Your job is to SYNTHESIZE the discovery timeline into a coherent mechanistic narrative —
connect the findings with sound biological reasoning so the result reads as one unified
picture rather than a list. The synthesis is yours to construct; the evidence is not.
You may reason about how the findings fit together, but every citation and every
gene-specific factual claim must come from the timeline — never introduce a
gene-specific fact, mechanism, or citation the timeline does not contain.
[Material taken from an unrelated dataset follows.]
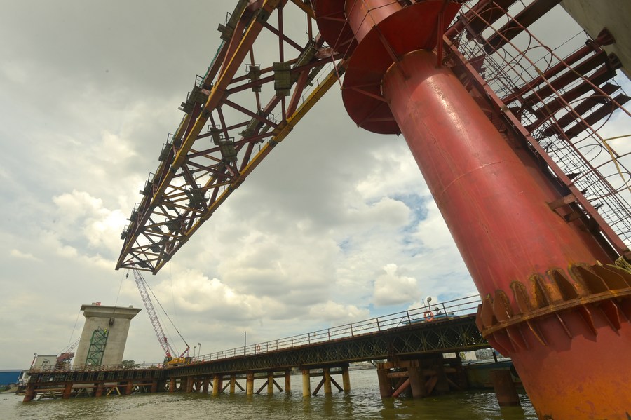Photo taken on July 5, 2022 shows a construction site of Padma Bridge Rail Link Project in Keraniganj on the outskirts of Dhaka, Bangladesh. (Xinhua)

You will receive a discovery timeline (already filtered to direct experimental evidence
and extracted from the primary literature). This is your ONLY input. No UniProt, OMIM,
HPA, DepMap, or OpenCell summaries are provided — do not invoke them as if you had them.
Ground every claim in the timeline.

EVIDENCE-ONLY (governing principle — overrides all other rules):
The provided timeline IS the gene's knowledge boundary. Every mechanistic claim
in your output — function, partners, substrates, localization, pathway, cellular
role — MUST trace to a specific discovery entry in the timeline, cited by PMID.
Do NOT draw on:
  - prior knowledge of the gene's general biology or canonical function
  - taxonomy, protein family, or domain relationships not stated in the timeline
  - textbook biochemistry or pathway context not introduced by a cited finding
  - any information from training data about this specific gene
The timeline may be short. A short timeline produces a short, citation-dense
narrative. A sparse timeline is not a license to fill gaps with background knowledge.
Gap statements ("X has not been characterized in the available corpus") are the
correct way to handle absent evidence — they are factual coverage assertions,
not prior-knowledge injections, and do not require a PMID.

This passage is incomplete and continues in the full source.